Tag Archives: Red Cross patterns WW 1 WW I First World War and instructions for volunteers

Remembering 11/11/18: Red Cross Patterns

The appalling carnage of World War I is often given in statistics; these Red Cross patterns and instructions for volunteers — making hospital gowns, bandages and wound dressings, surgical masks and gowns, etc. — also remind us (and those Red Cross volunteers) of the suffering it caused.

Women’s magazines like Delineator and Ladies’ Home Journal published government information as well as encouraging volunteer work. The patterns above are for operating room personnel.

A surgical gown for doctors and two kinds of pajamas for hospital patients. Delineator, Nov. 1917.Red Cross patterns were available for sewing groups or individual volunteer stitchers.

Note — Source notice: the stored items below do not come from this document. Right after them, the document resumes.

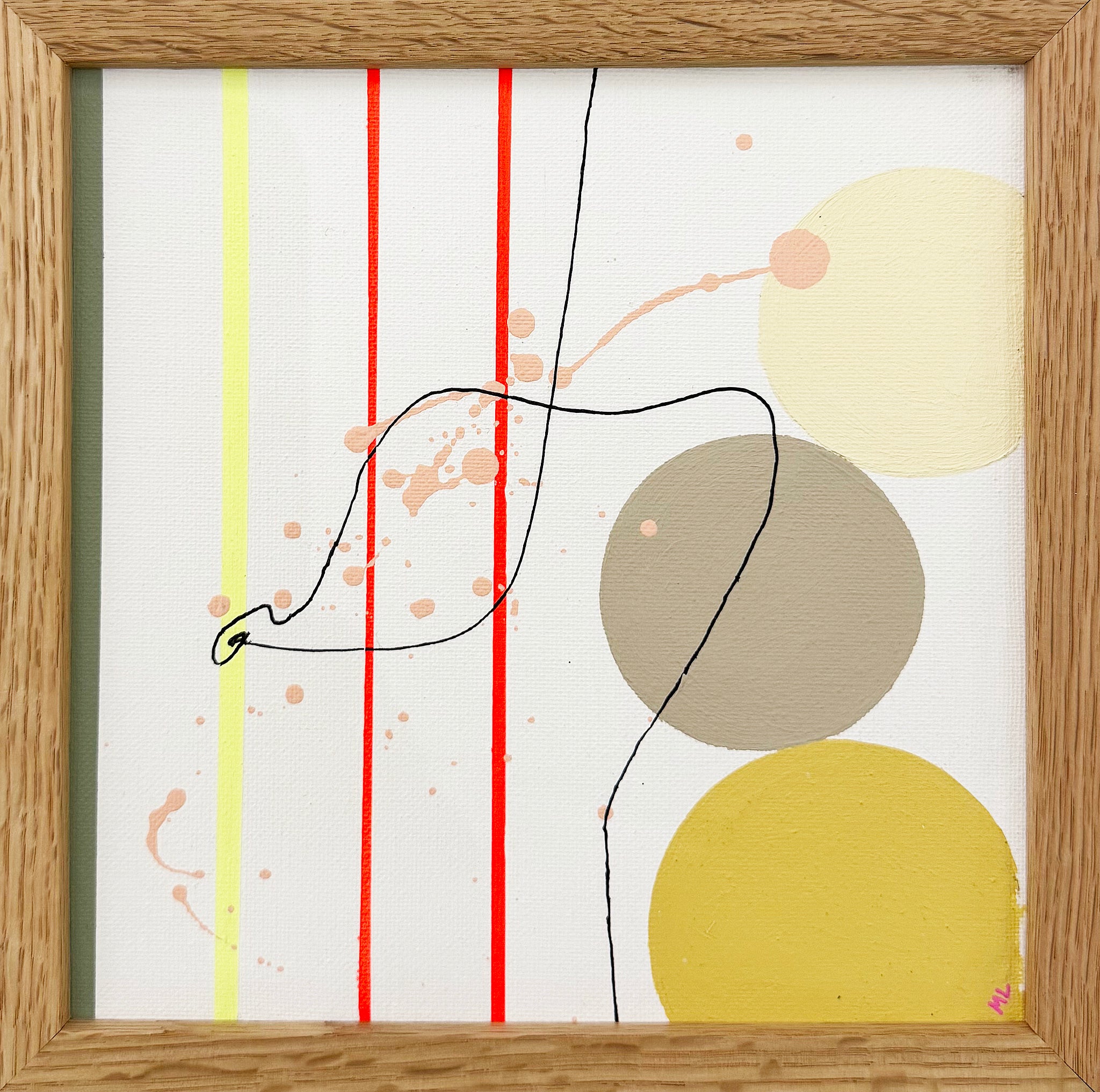 Håndmalet maleri på lærred sat i en ramme af egefinér med glas. Stilarten er moderne og har et grafisk udtryk med svævende bløde former, der gør maleriet levende og skaber en poetisk stemning.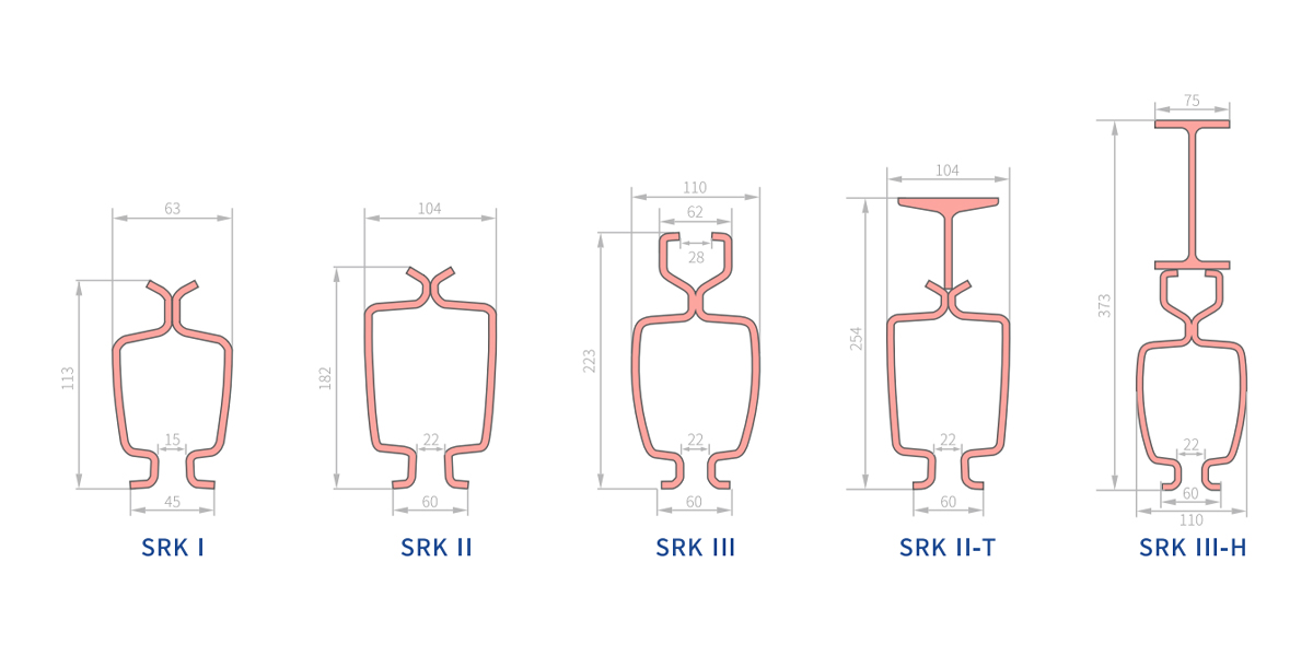 | SRK II-T | Højstyrke blødt stål | 26,6 kg/m | 33,88 cm² | 2380 cm⁴ | Ikke udstyret med faste skinner | Følgende graf | Brugerdefineret størrelse | RAL2002 |
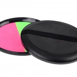 Suprafața de prindere, împărțită în verde neon și roz, cu velcro, captează mingea instantaneu – ideal pentru antrenarea preciziei și reflexelor.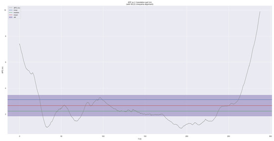 Absolute trajectory error (ATE) can directly reflect the positioning accuracy and map construction quality of the system in different scenarios. The absolute attitude error (APE) is calculated as the Euclidean distance between the system’s estimated attitude and the reference attitude, requiring that the timestamps between the system and the reference result be aligned to reflect the performance of the system.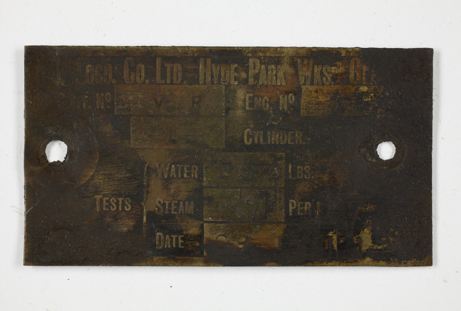 Front of plate: " N.B. LOCO. CO. LTD. HYDE PARK WKS. GLASGOW / CONT. No VR ENG No. 702 / L CYLINDER. / WATER 260 LBS / TESTS STEAM [not stated] PER [image of square] " / DATE 29 . 1. 51 "

Operating room gear — like surgical gowns and sterile shoe covers — could be made using regulation Red Cross patterns. Pajamas for patients were also in demand. The “taped” pajama below opens so the injured soldier need not be moved for his wounds to be inspected and dressed.

Red Cross regulation “taped pajamas” for the wounded and socks for injured feet; Ladies Home Journal, Dec. 1917.

Making these garments must have reminded civilians that soldiers were receiving terrible injuries.

Women and children were encouraged to knit Red Cross regulation sweaters, socks, and even “helmets” that kept heads and faces warm.

“Knit Your Bit for the Navy” article, Delineator, August 1917. “Every man in the fleet must be kept warm if we are to win — will you help?”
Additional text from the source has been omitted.